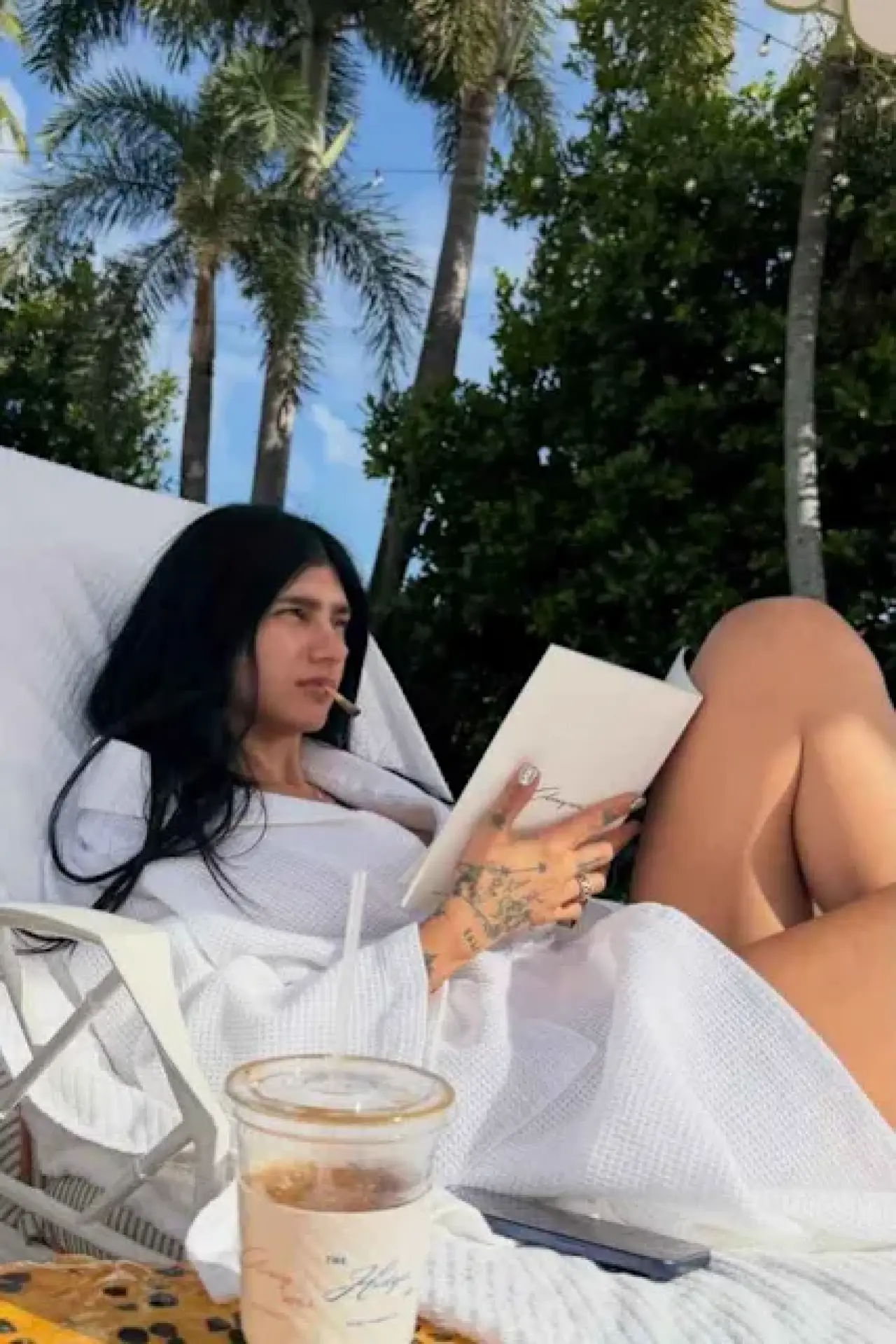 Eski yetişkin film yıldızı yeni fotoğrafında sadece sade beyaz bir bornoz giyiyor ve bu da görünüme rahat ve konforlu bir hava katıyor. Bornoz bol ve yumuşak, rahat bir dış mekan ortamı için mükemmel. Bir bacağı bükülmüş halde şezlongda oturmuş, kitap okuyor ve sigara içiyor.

* * *

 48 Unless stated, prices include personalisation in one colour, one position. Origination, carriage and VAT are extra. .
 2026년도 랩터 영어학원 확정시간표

- **DIRECTIONS**: The output should be exactly the lines above from the line containing "48 Unless stated, prices" to the line containing "2026년도 랩터 영어학원 확정시간표", inclusive, with no other lines.

- **RESPONSE FOR THIS EXERCISE**:
 48 Unless stated, prices include personalisation in one colour, one position. Origination, carriage and VAT are extra. .
 2026년도 랩터 영어학원 확정시간표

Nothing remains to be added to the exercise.